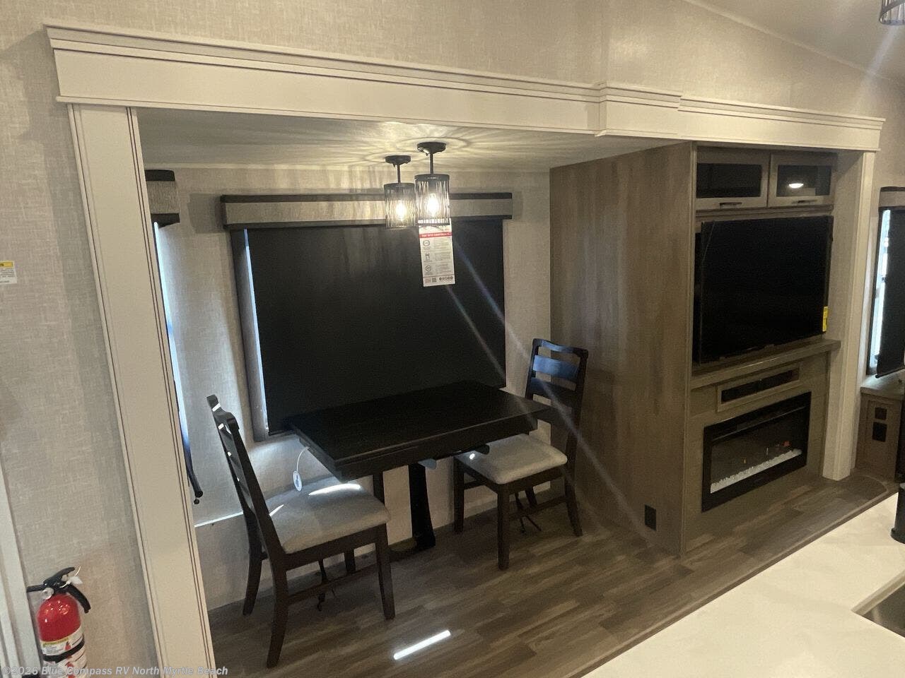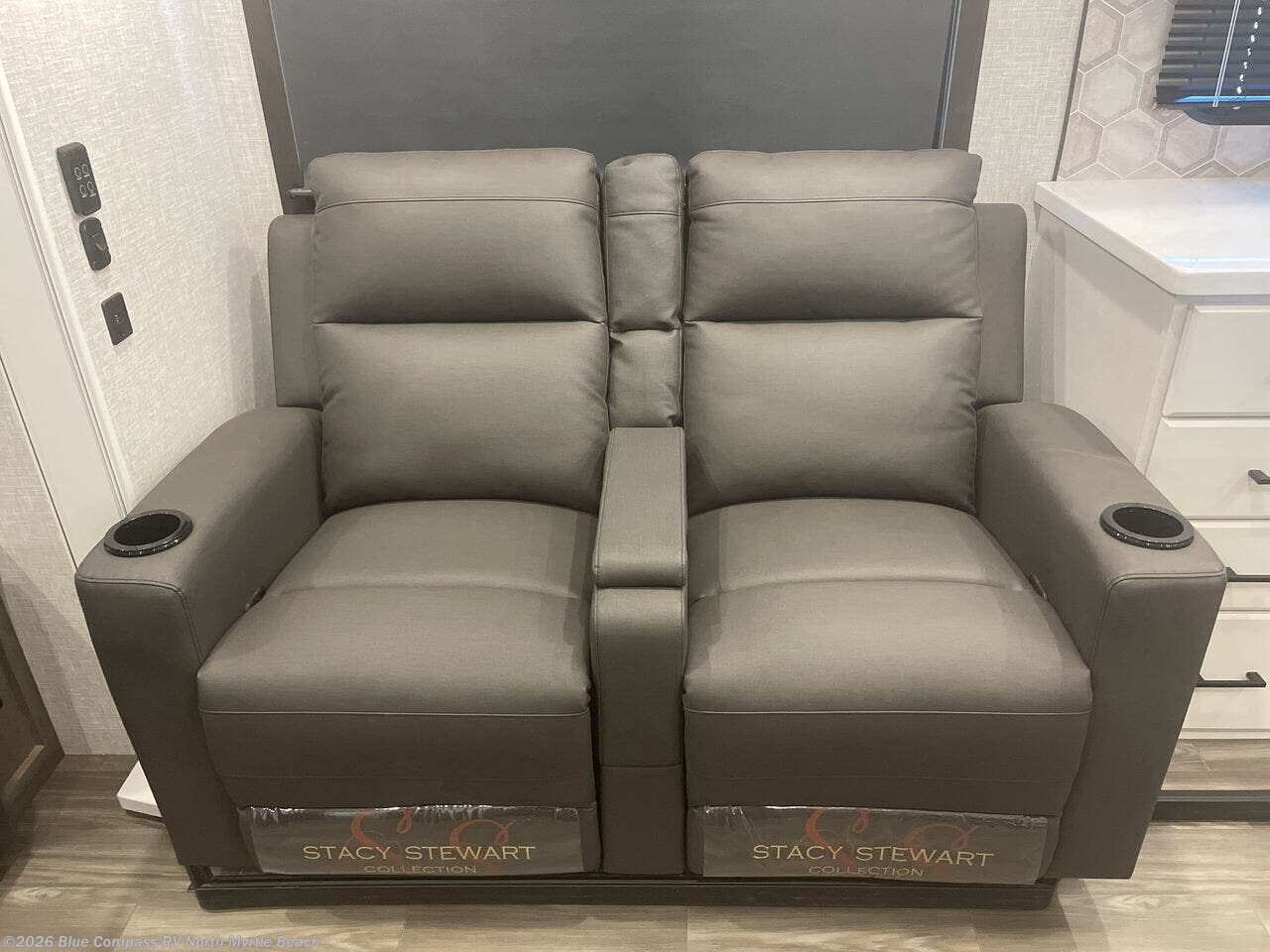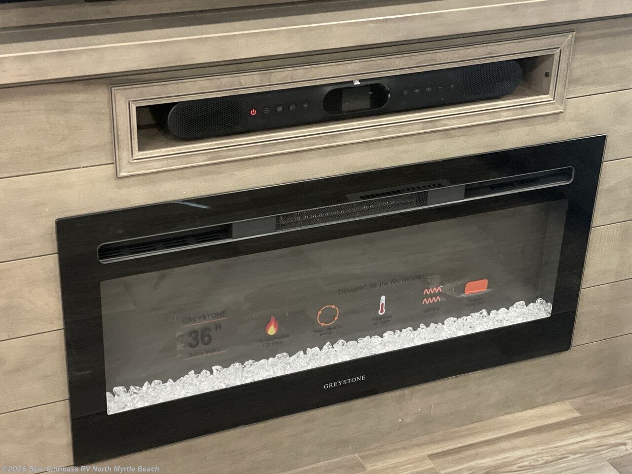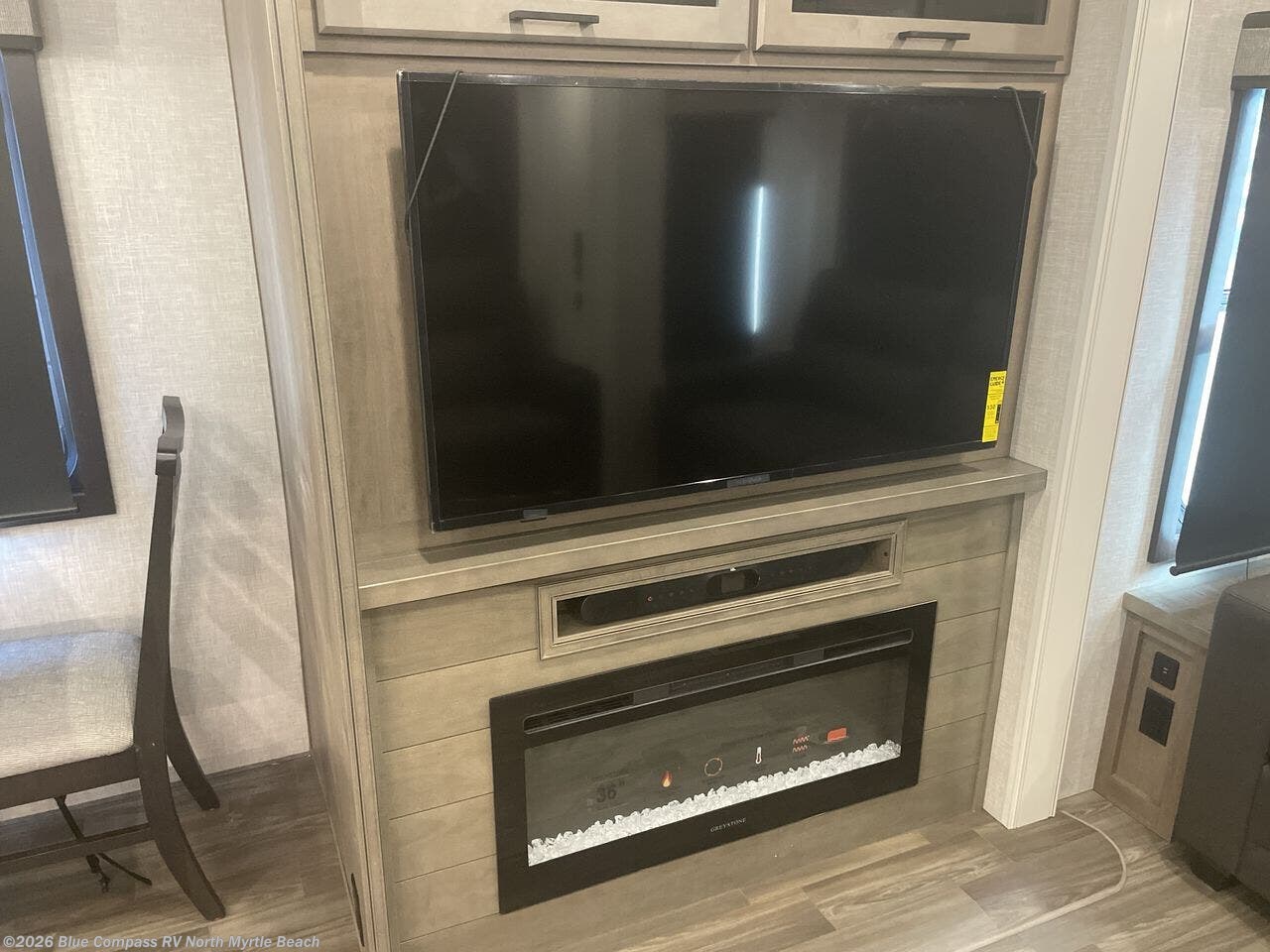Trips to the lake are made luxurious in this spacious fifth wheel for four! The rear living area includes a tri-fold sofa, a ceiling fan to keep cool, plus theater seats across from the entertainment center and fireplace. You will love the walk-in pantry and 16 cu. ft. 12V refrigerator to store food for the whole week, plus there is a convenient coat closet/pantry for even more storage. The full bath features a shower with a seat, a linen closet, plus a medicine cabinet to keep all your necessities organized. You will feel right at home in the front private bedroom with its queen bed slide out, a chest with TV prep plus a walk-in closet with shelves and washer and dryer prep. You can't go wrong with this fifth wheel!
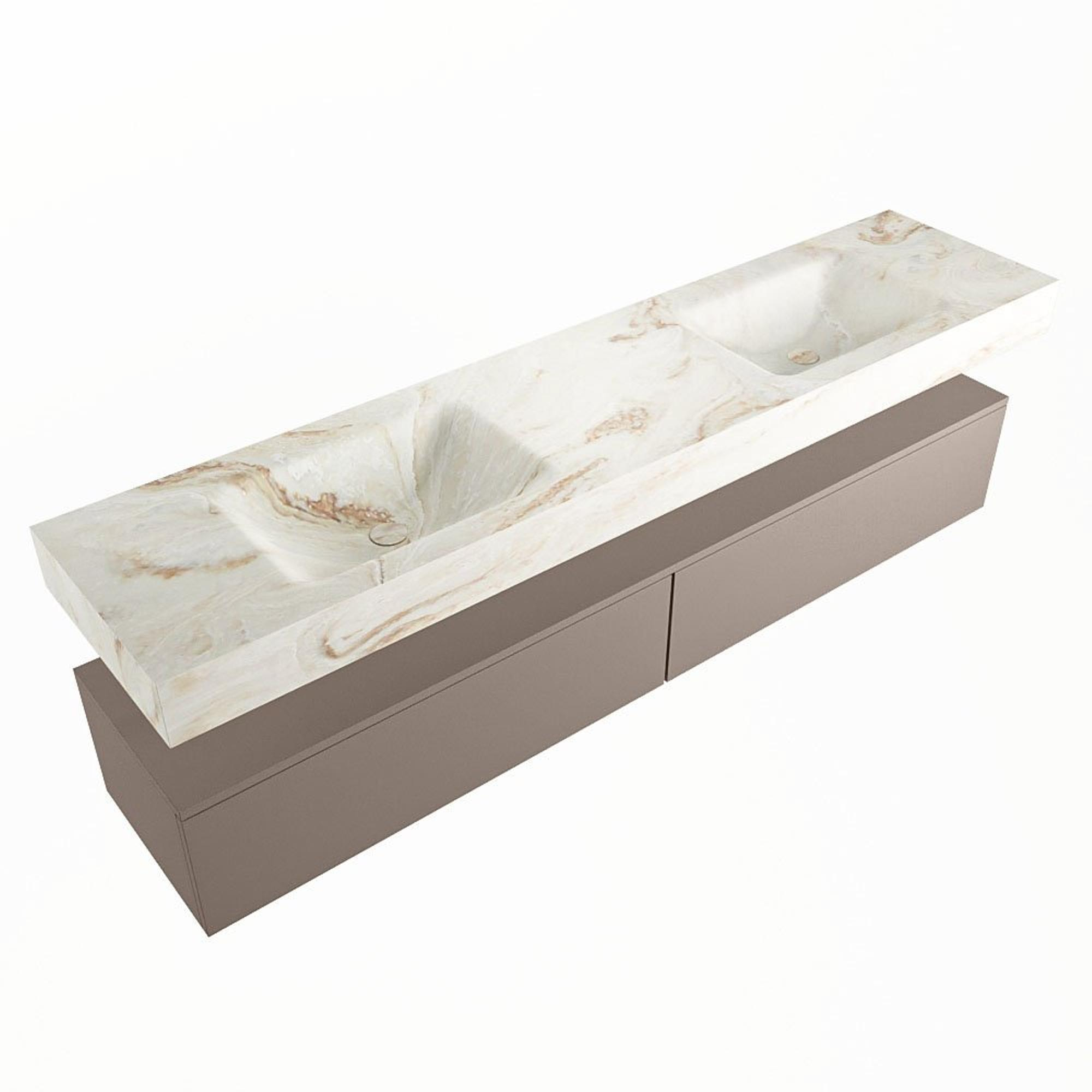 MONDIAZ ALAN - DLUX Badkamermeubelset - 200cm - onderkast - Smoke - 2 lades - vrijhangende wastafel - 2 wasbakken - 2 kraangaten - Frappe
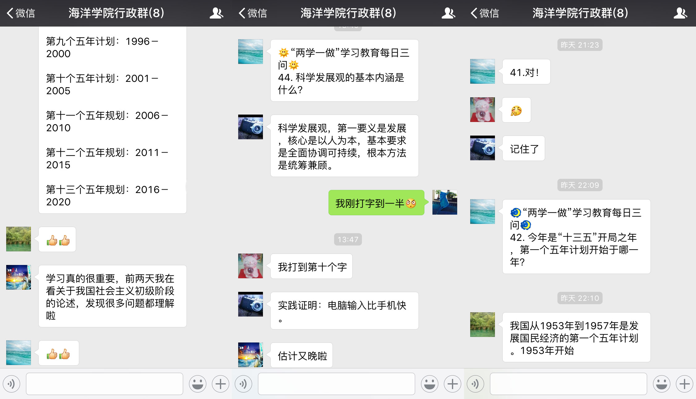截至目前,该活动已经开展了20余天,得到了学院全体党员的积极支持和参与,学习氛围热烈,效果良好。学院师生党员和入党积极分子普遍反映,已经将抢答“三问”问题变成了一种习惯,每次看到问题后以最快速度回答,碰到拿不准或担心表述不到位的问题,及时通过手机上网搜索或翻阅学习资料确定正确答案后迅速答题,这样对知识的记忆和理解格外深刻,学习效果非常明显。而且,利用大家最为随身和常用的手机微信作为学习平台,真正做到了随时、随地学习。学院将会继续坚持开展此项活动,并积极探索其他有益形式,保证学习教育的日常性、参与性、互动性,将“两学一做”学习教育推向深入。
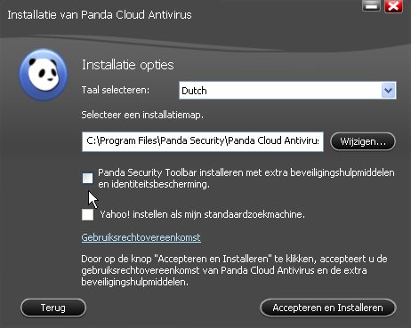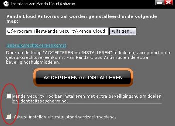 Let op dat je bij de installatie niet je zoekmachine en startpagina laat wijzigen. Ook de Panda werkbalk voor je browser is niet nodig. Haal de vinkjes weg!
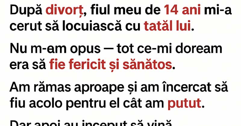 I agreed when Mason, my 14-year-old son, begged me to let him move in with his father after the divorce.
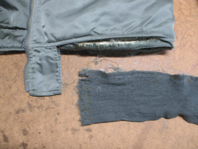 12枚目はMA-1フライトジャケットから襟、両袖、腰回りのリブニットを取り外した写真です。
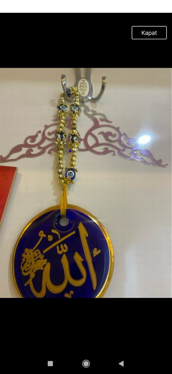 Altın Renkli Boncuklu Allah Yazılı Kadın asmalı süs
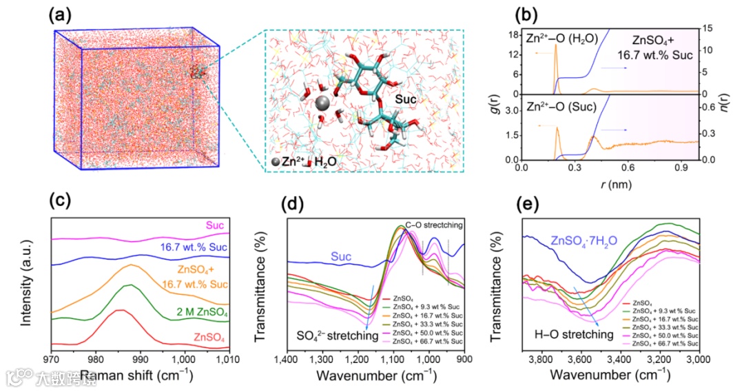 在水系硫酸锌电解液中,锌离子的溶剂化结构为Zn(H2O)62+。当引入多羟基的蔗糖到电解液中,MD计算结果表明锌离子的溶剂化结构发生了变化,由Zn(H2O)62+转变成Zn(C12H22O11)(H2O)x 2+。拉曼光谱、红外光谱结果证明蔗糖分子的确进入到锌离子的溶剂鞘层中。这些蔗糖分子改性后的锌离子电解液表现出较宽的电化学窗口以及较高的锌离子迁移数。
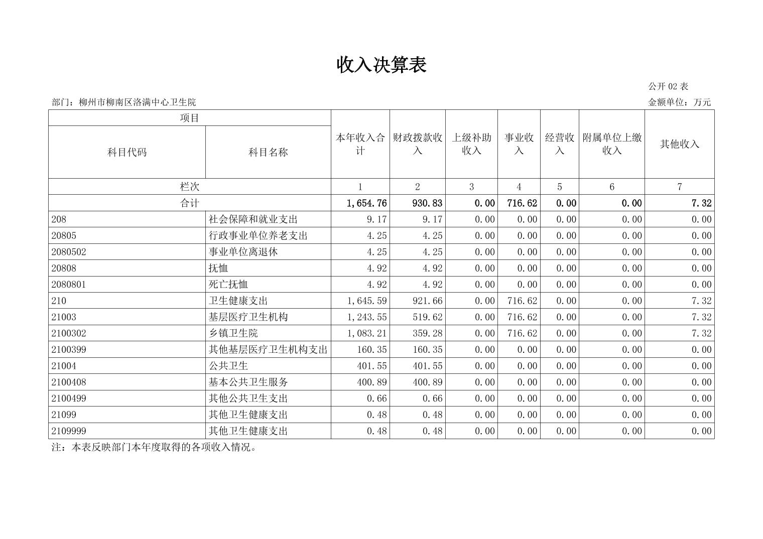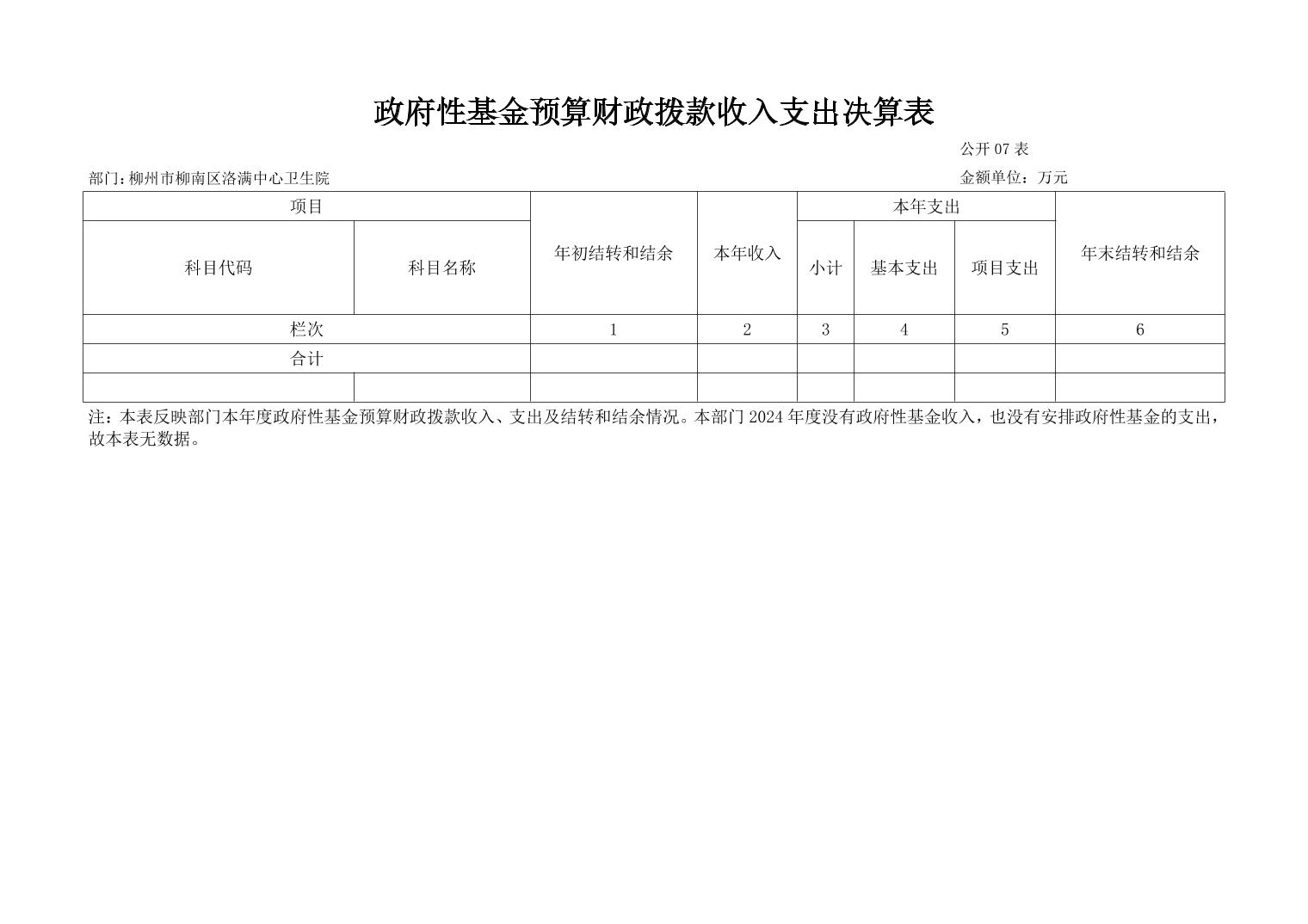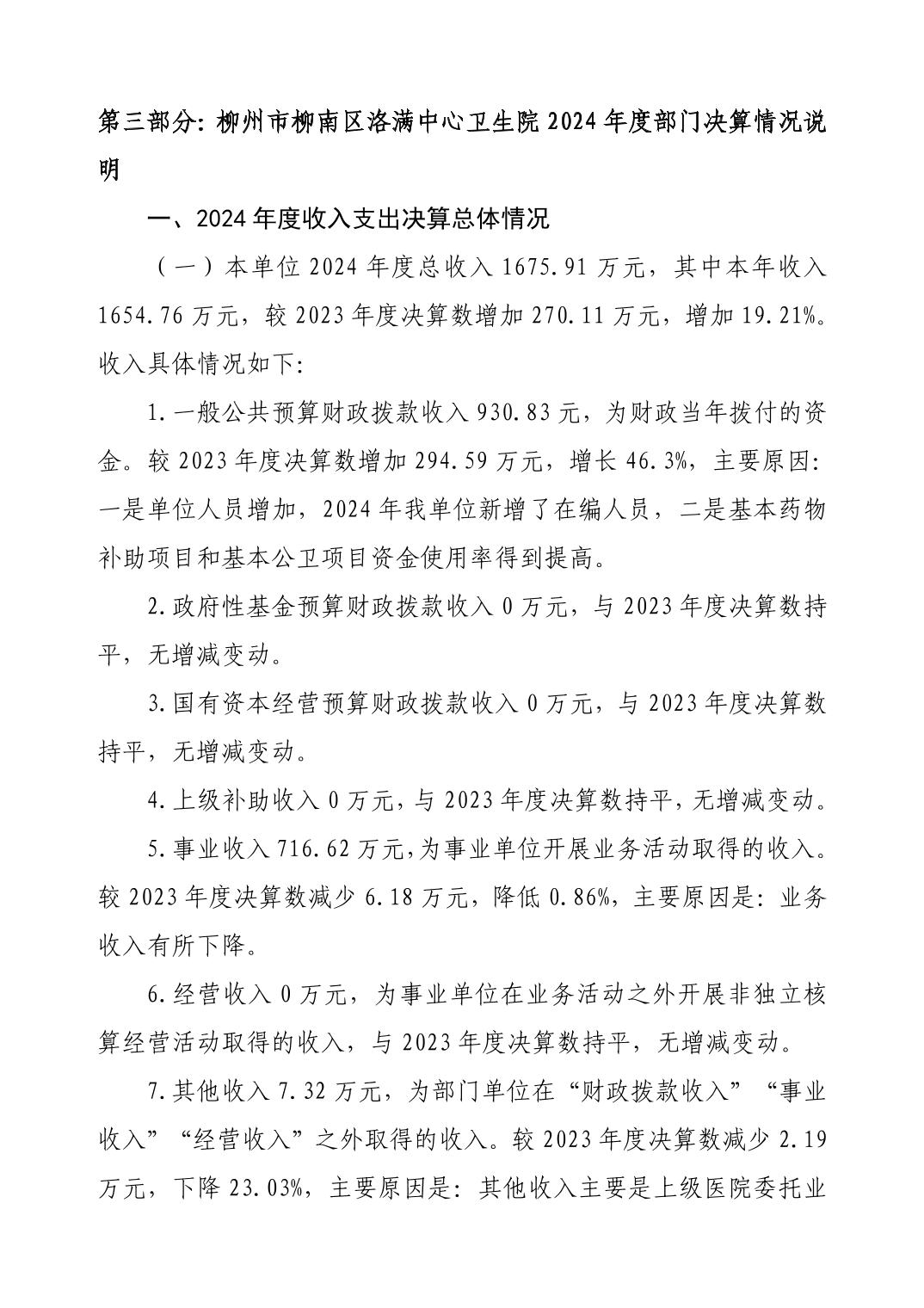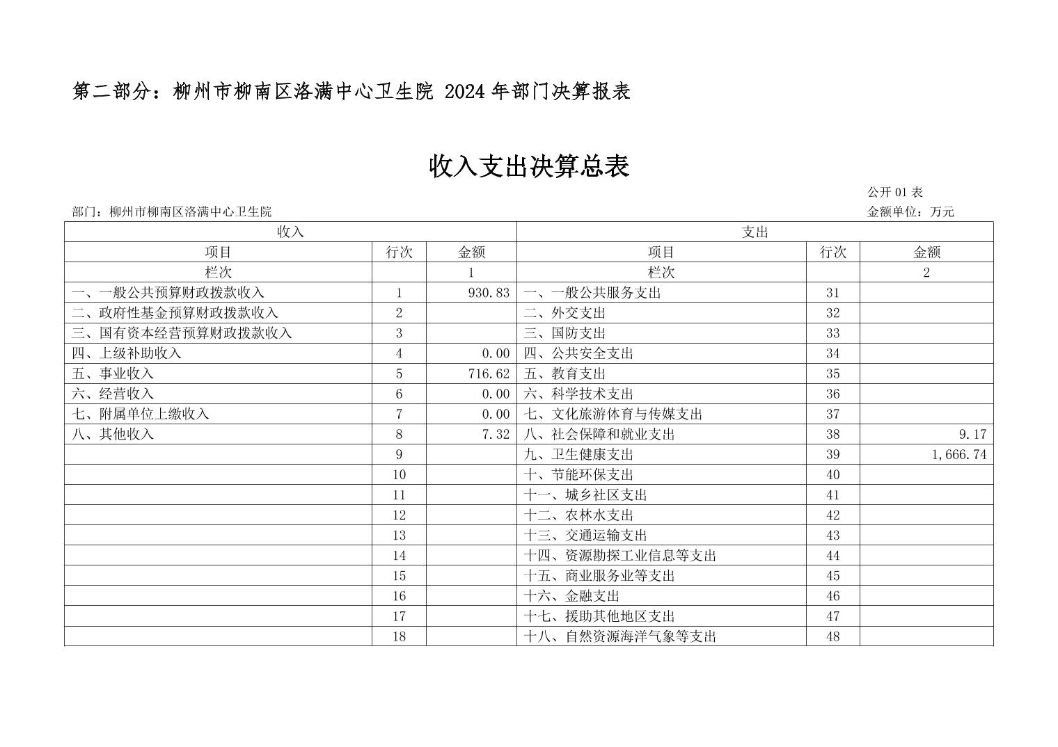柳州市柳南区洛满中心卫生院2024年度单位决算公开

#####

• [TASK STATEMENT]:
Top to bottom, retype the listing exactly but drop every picture.

• [SOLUTION FOR THIS TASK]:
Trips to the lake are made luxurious in this spacious fifth wheel for four! The rear living area includes a tri-fold sofa, a ceiling fan to keep cool, plus theater seats across from the entertainment center and fireplace. You will love the walk-in pantry and 16 cu. ft. 12V refrigerator to store food for the whole week, plus there is a convenient coat closet/pantry for even more storage. The full bath features a shower with a seat, a linen closet, plus a medicine cabinet to keep all your necessities organized. You will feel right at home in the front private bedroom with its queen bed slide out, a chest with TV prep plus a walk-in closet with shelves and washer and dryer prep. You can't go wrong with this fifth wheel!
 MONDIAZ ALAN - DLUX Badkamermeubelset - 200cm - onderkast - Smoke - 2 lades - vrijhangende wastafel - 2 wasbakken - 2 kraangaten - Frappe
截至目前,该活动已经开展了20余天,得到了学院全体党员的积极支持和参与,学习氛围热烈,效果良好。学院师生党员和入党积极分子普遍反映,已经将抢答“三问”问题变成了一种习惯,每次看到问题后以最快速度回答,碰到拿不准或担心表述不到位的问题,及时通过手机上网搜索或翻阅学习资料确定正确答案后迅速答题,这样对知识的记忆和理解格外深刻,学习效果非常明显。而且,利用大家最为随身和常用的手机微信作为学习平台,真正做到了随时、随地学习。学院将会继续坚持开展此项活动,并积极探索其他有益形式,保证学习教育的日常性、参与性、互动性,将“两学一做”学习教育推向深入。
 Let op dat je bij de installatie niet je zoekmachine en startpagina laat wijzigen. Ook de Panda werkbalk voor je browser is niet nodig. Haal de vinkjes weg!
 I agreed when Mason, my 14-year-old son, begged me to let him move in with his father after the divorce.
 12枚目はMA-1フライトジャケットから襟、両袖、腰回りのリブニットを取り外した写真です。
 Altın Renkli Boncuklu Allah Yazılı Kadın asmalı süs
 在水系硫酸锌电解液中,锌离子的溶剂化结构为Zn(H2O)62+。当引入多羟基的蔗糖到电解液中,MD计算结果表明锌离子的溶剂化结构发生了变化,由Zn(H2O)62+转变成Zn(C12H22O11)(H2O)x 2+。拉曼光谱、红外光谱结果证明蔗糖分子的确进入到锌离子的溶剂鞘层中。这些蔗糖分子改性后的锌离子电解液表现出较宽的电化学窗口以及较高的锌离子迁移数。
柳州市柳南区洛满中心卫生院2024年度单位决算公开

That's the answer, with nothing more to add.